Physical characteristics
- • location: Kurile Lake
- • coordinates: 51°29′09″N 157°02′37″E﻿ / ﻿51.48583°N 157.04361°E
- • elevation: 81 m (266 ft)
- Mouth: Sea of Okhotsk
- • coordinates: 51°29′48″N 156°29′31″E﻿ / ﻿51.49667°N 156.49194°E
- Length: 48 km (30 mi)
- Basin size: 1,030 km^{2} (400 sq mi)
- • average: 30 m^{3}/s (1,100 cu ft/s)

= Ozyornaya (Sea of Okhotsk) =

River draining to Sea of Okhotsk in Russia

Ozyornaya (Озёрная, lit. 'Lake-river') is a river in the Kamchatka Krai of Russia. It originates in Lake Kurile and flows west to the Sea of Okhotsk.

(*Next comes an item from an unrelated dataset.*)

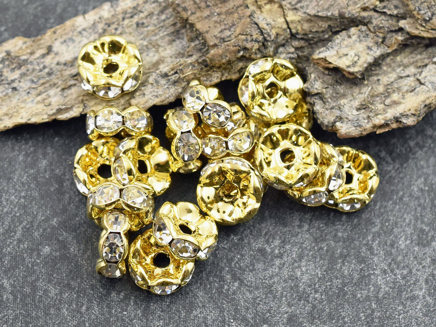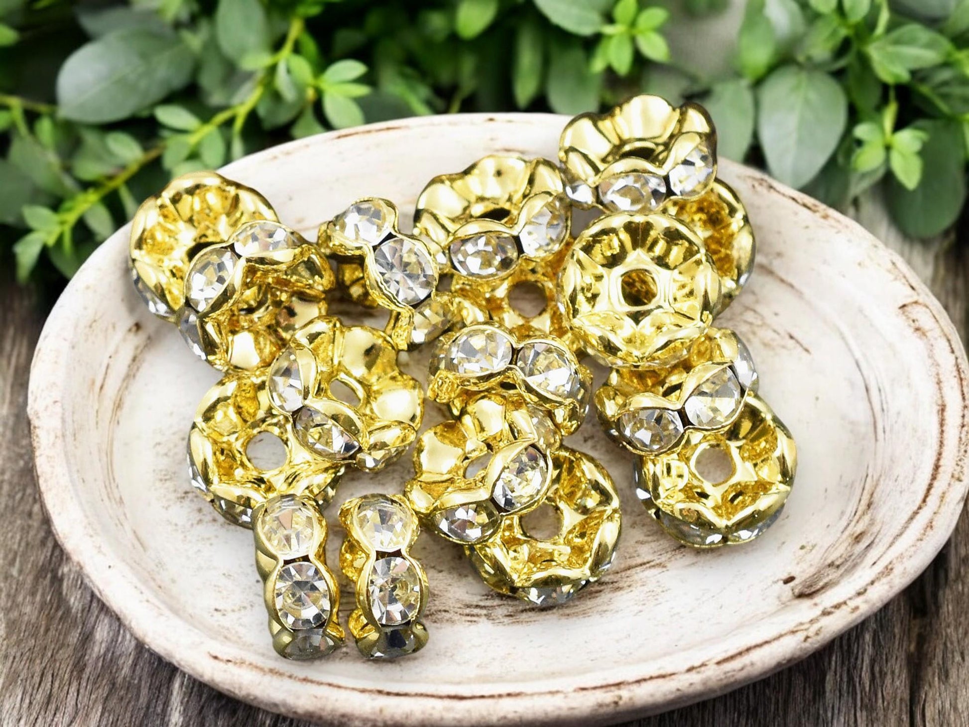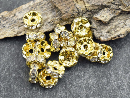 Gold w/ Crystal Rhinestone Wavy Edge Rondelle Spacer Beads

The length of the river is 48 km, and the area of the drainage basin is 1030 km2. Despite the small area of its basin, the average annual discharge of water near the sea reaches 30 m3/s. The significant amount of precipitation in this area ensures an abundant flow of water in the river and is due both to the geographical location near the Pacific Ocean and to the mountainous orography of the basin. The annual amount of precipitation on the Kurile Lake is 1400 mm; it can significantly exceed this figure in mountainous areas. Precipitation mostly falls in the autumn and mostly in the form of snow in the mountains, which melts in the following summer without forming any noticeable glaciers.

The mountain landscape of the river basin has volcanic origin and called the Pauzhetsky volcano-caldera complex. Kurile Lake and the upper half of the Ozyornaya channel lie within this volcanic region, and the geothermal activity is often manifested here in the form of hot springs. Some of them are named: Ozyornovskiye, Pauzhetsky hot springs, and White waterfalls. The latter is a cluster of cold water springs with a slightly elevated temperature of 4.7°C and has the status of a nature sanctuary.

A distinctive feature of Ozyornaya is the absence of ice cover in winter: the river freezes only in its mouth part. Because the river has a considerable geothermal underground inflow and has a steady, fast current throughout its course, ice does not form during the cold season. The source of the river in the Kurile Lake also plays a role in this, since it provides the inflow of warmer water from the lake deeper layers, thus preventing ice formation in winter. In general, the combination of underground inflow and inflow from the lake leads to a smoothed river regime with high mean water levels in all seasons.

The abundance of geothermal resources in the region is exploited by the Pauzhetskaya geothermal power plant, the oldest geothermal plant in Russia. It is located near the Pauzhetka river, one of its tributaries. The settlements of Ozyornovsky and Zaporozhye are located near the mouth of the Ozyornaya River and are centers of local fishing. There is also a Research Fisheries Center station on the river; it monitors the spawning of salmon and the development of its juveniles.

The specific nature of Ozyornaya is preferable for some fish species. It has the biggest herd of sockeye salmon in the Pacific Asia and therefore has a special status in the Kamchatka-Kuril subzone.